FROM THE AMERICAN COLLEGE OF PHYSICIANS
Ann Intern Med
The new clinical guidelines for screening mammography in women aged 40 to 49 years (Table) from the American College of Physicians (ACP) emphasize the need for careful assessment of individual risk factors to help guide the decisions about mammography (. 2007;146:511-526).
According to the guidelines' authors, breast cancer risk is unevenly distributed in younger women, and thus the benefits of screening mammography are not uniformly applicable in this age-group.
"It is important to tailor the decision of screening mammography by discussing the benefits and risks with a woman, addressing her concerns, and making it a joint decision between her and her physician," said the ACP's Amir Qaseem, MD, PhD, lead author of the guidelines.

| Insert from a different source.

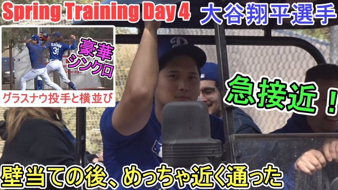 プライオボールで壁当てをする大谷翔平選手。タイラー・グラスナウ選手の隣り合わせで豪華共演。

The guidelines are based on an analysis of 117 systematic reviews, observational studies, and randomized controlled trials designed to assess the effect of mammography screening on breast cancer mortality, the cumulative risk for a false-positive result, and other risks of mammography.

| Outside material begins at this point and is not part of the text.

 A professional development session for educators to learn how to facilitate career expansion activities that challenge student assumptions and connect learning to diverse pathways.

Screening mammography every 1 to 2 years in women aged 40 to 49 years was found to result in a 15% decrease in breast cancer mortality after 14 years of follow-up. This survival benefit is smaller than the 22% mortality reduction observed in women aged ≥50 years.
Women with breast cancer detected by screening mammography are considered more likely to be eligible for breast-conserving surgery and less likely to receive adjuvant chemotherapy and hormone therapy than women whose breast cancer is detected in other ways.

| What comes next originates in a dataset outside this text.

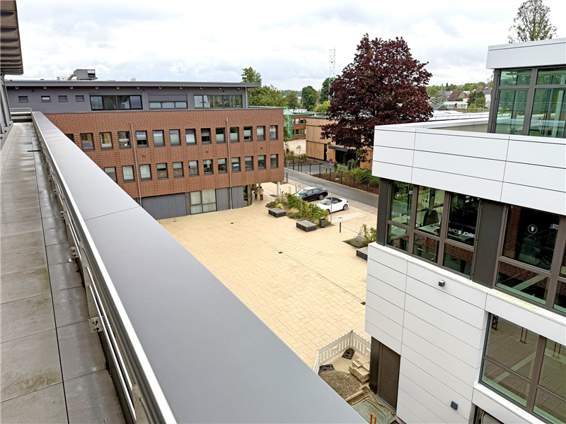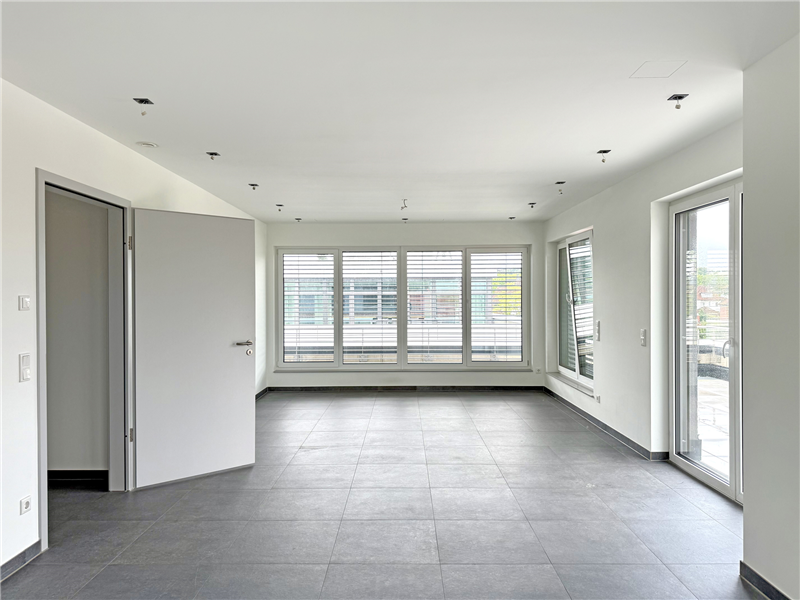 Ca. 296 m² Gesamtnutzfläche im 3. Obergeschoss eines Geschäfts-/Bürogebäudes (9 Parteien). Barrierefreie Einheit mit Fahrstuhl im Treppenhaus. Die Dachterrasse hat eine Fläche von 128 m².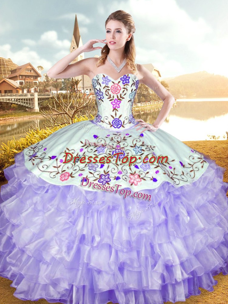Cute Embroidery and Ruffled Layers Sweet 16 Dress Lavender Lace Up Sleeveless Floor Length

Mammography screening is associated with absolute increases in the probabilities of mastectomy, lumpectomy, and radiation therapy, because more cases of cancer are detected.
Rates of false-positive results from screening mammography are high, ranging from 21% to 56% after 10 mammograms for all women. False-positive results have been linked to small increases in generalized anxiety and depression, but they do not decrease the likelihood of subsequent screening mammography.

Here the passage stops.